And then Seth’s reckless streak—something Calvin usually delighted in—made an appearance, and he asked her out on a date. And Priya said _yes_.

Priya said yes, and Calvin suddenly realized what an idiot he’d been. Also, he realized what an idiot Seth was, as the danger in the situation could be seen from miles away. An omega she might have been, but Priya acted as alpha-esque as was within the bounds of good taste—and alphas could literally get away with murder.

At first, Calvin figured he’d wait it out. Surely Seth wouldn’t settle down with the first aggressive omega to take an interest in him?

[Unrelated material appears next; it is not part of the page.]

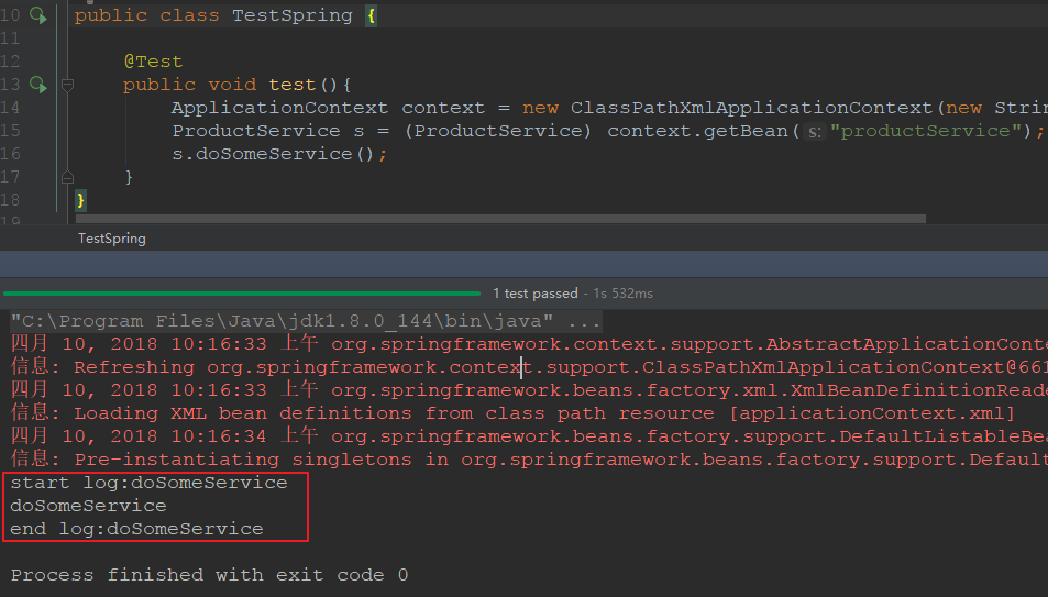 </beans>- 再次运行 TestSpring 中的测试代码,代码并没有改变,但是在业务方法运行之前和运行之后,都分别输出了日志信息: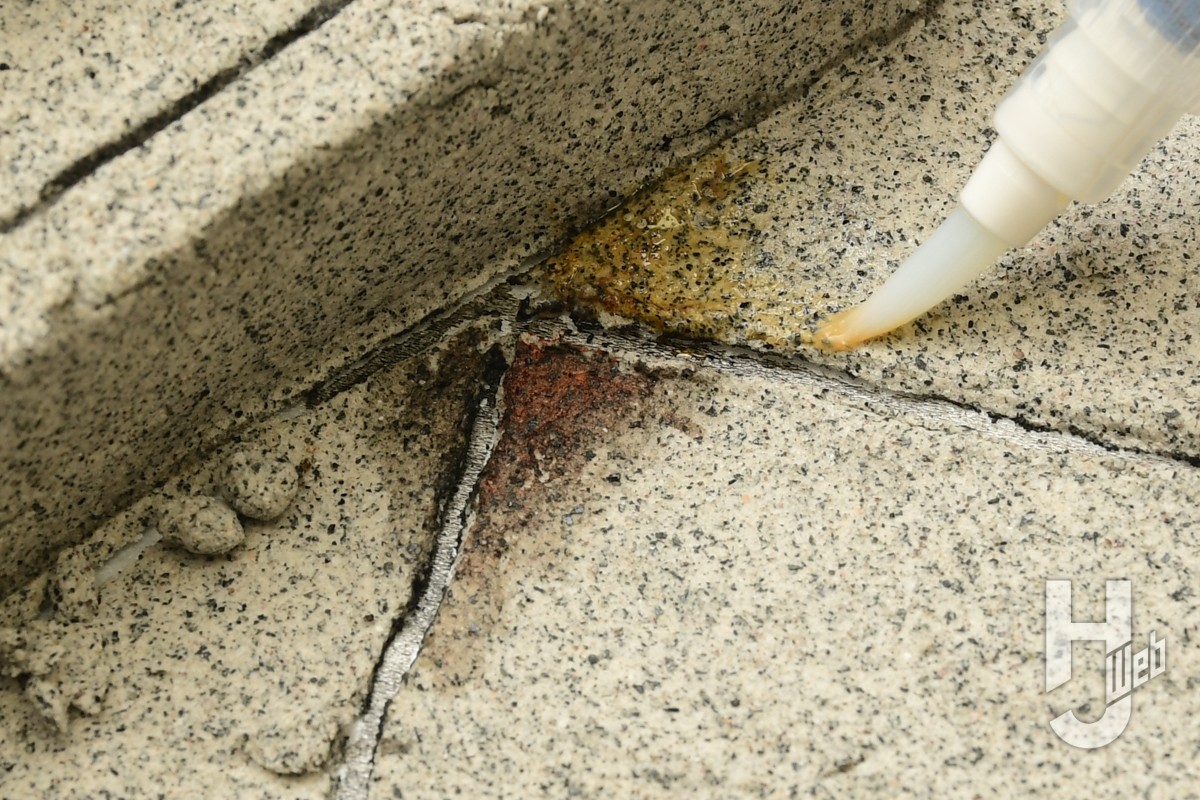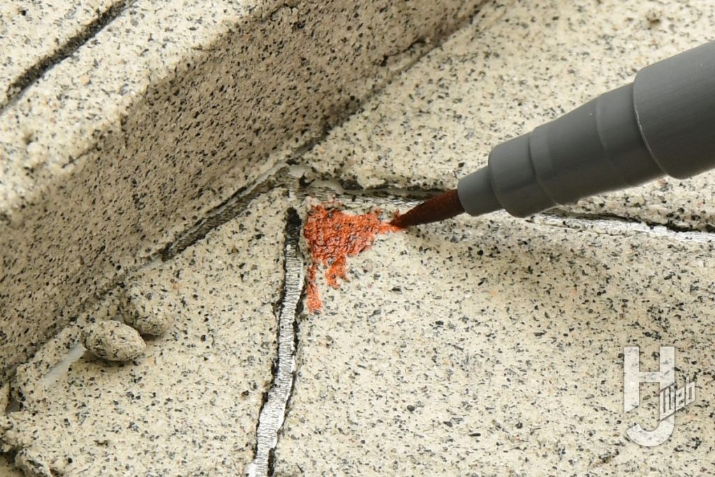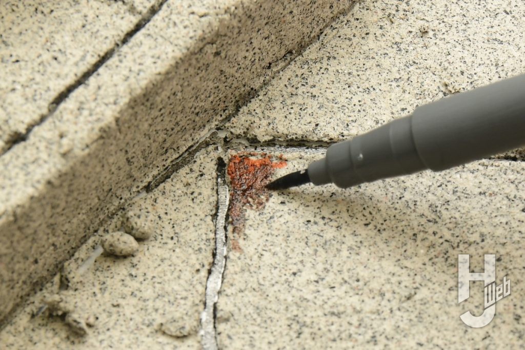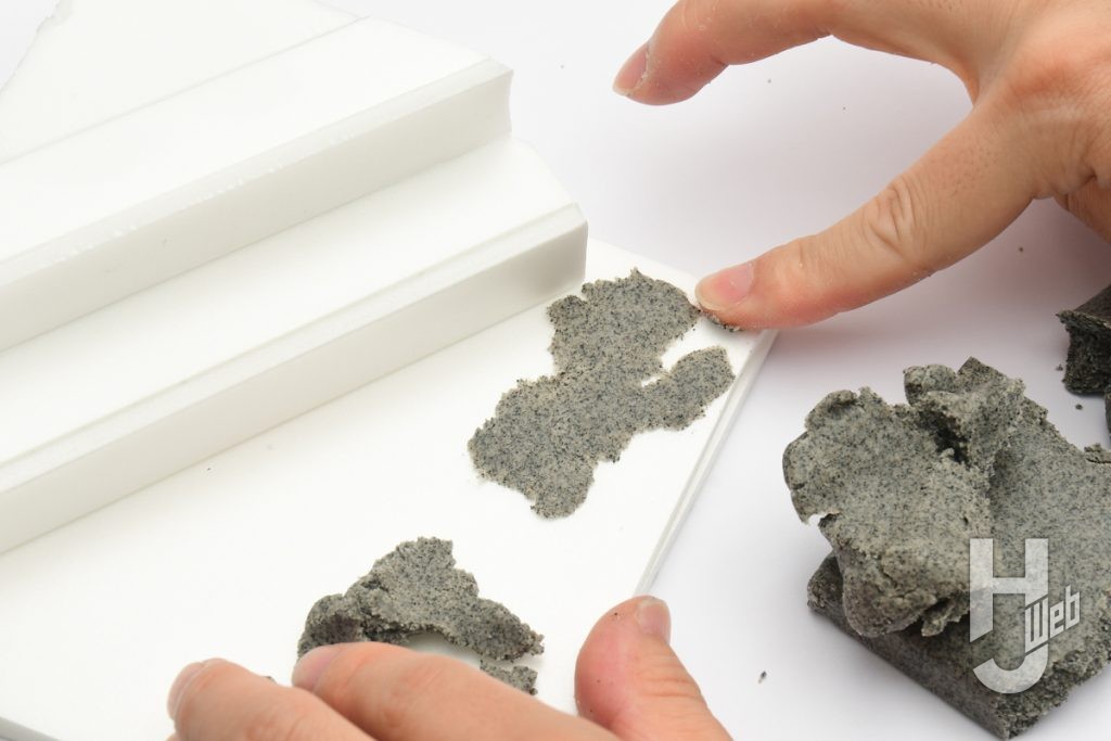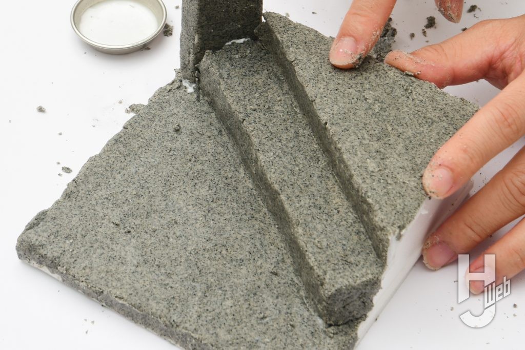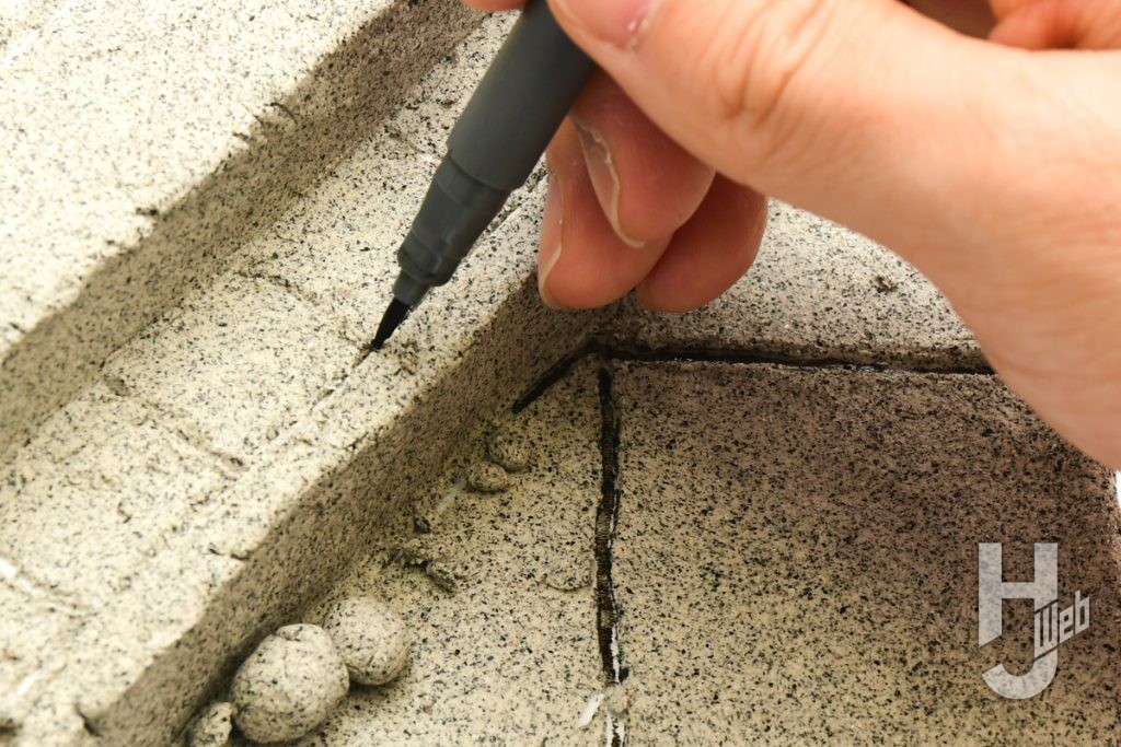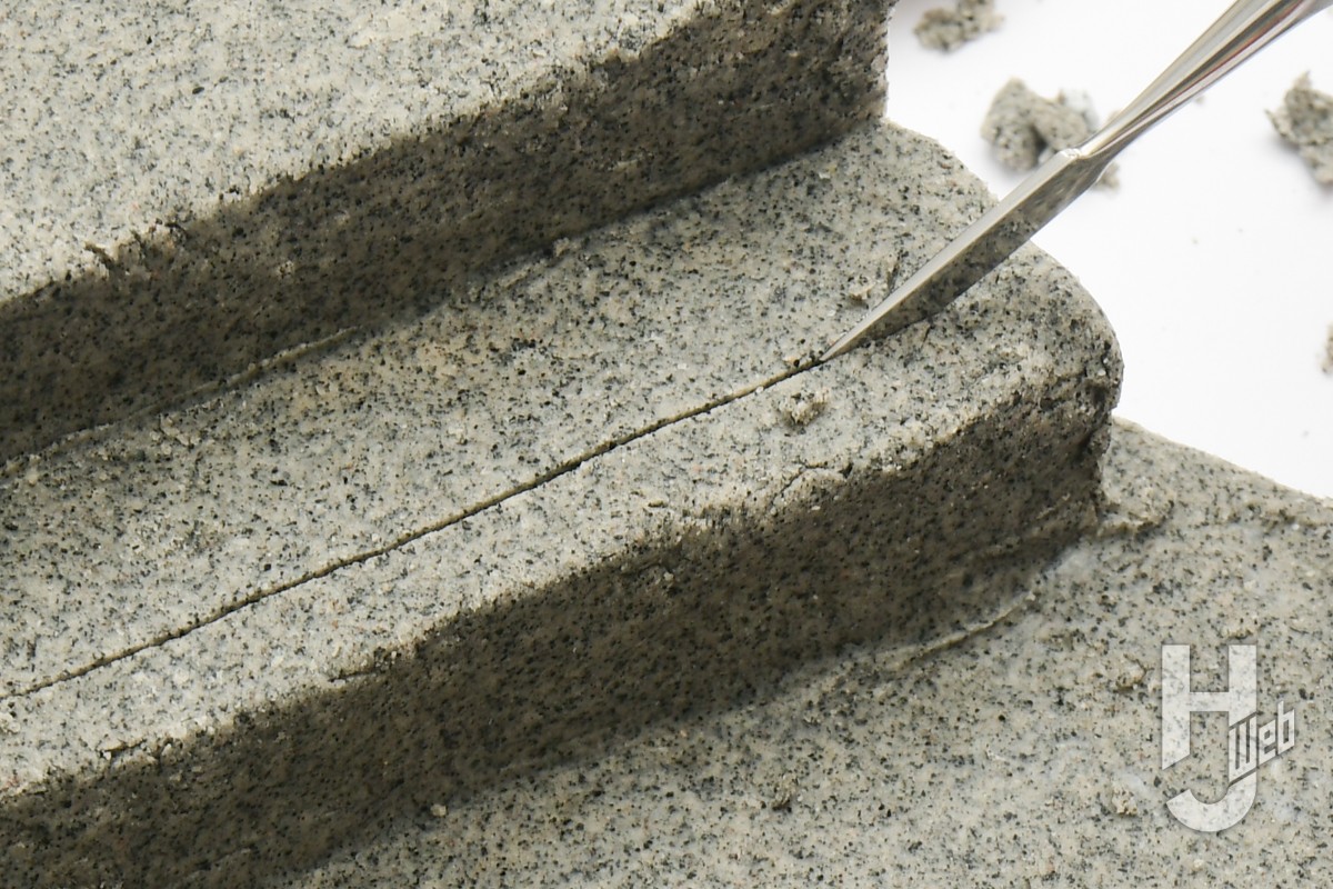 ▲ 乾燥をさせる前に、ちょっとだけディテールを入れます。石を組み合わせたようなイメージにして、スパチュラで溝を作っていきます

But after a couple weeks without a fade on the “honeymoon phase”, he changed tactics.

“Are you sure this is a good idea? The whole ‘Priya thing’, I mean.” he asked nonchalantly. Saturday morning found them both seated on the couch, catching up on that week’s recorded soap opera episodes. If Calvin had shifted around until his thigh pressed against Seth’s own, neither of them mentioned it.

Seth huffed. “By ‘Priya thing’ you mean my girlfriend? This again?”

Calvin held back the instinctual sneer. “Yeah, that.” He quickly pointed at the television screen. “Oh, bet you a dollar that the gardner’s illegitimate son totally butchered the family’s dog!”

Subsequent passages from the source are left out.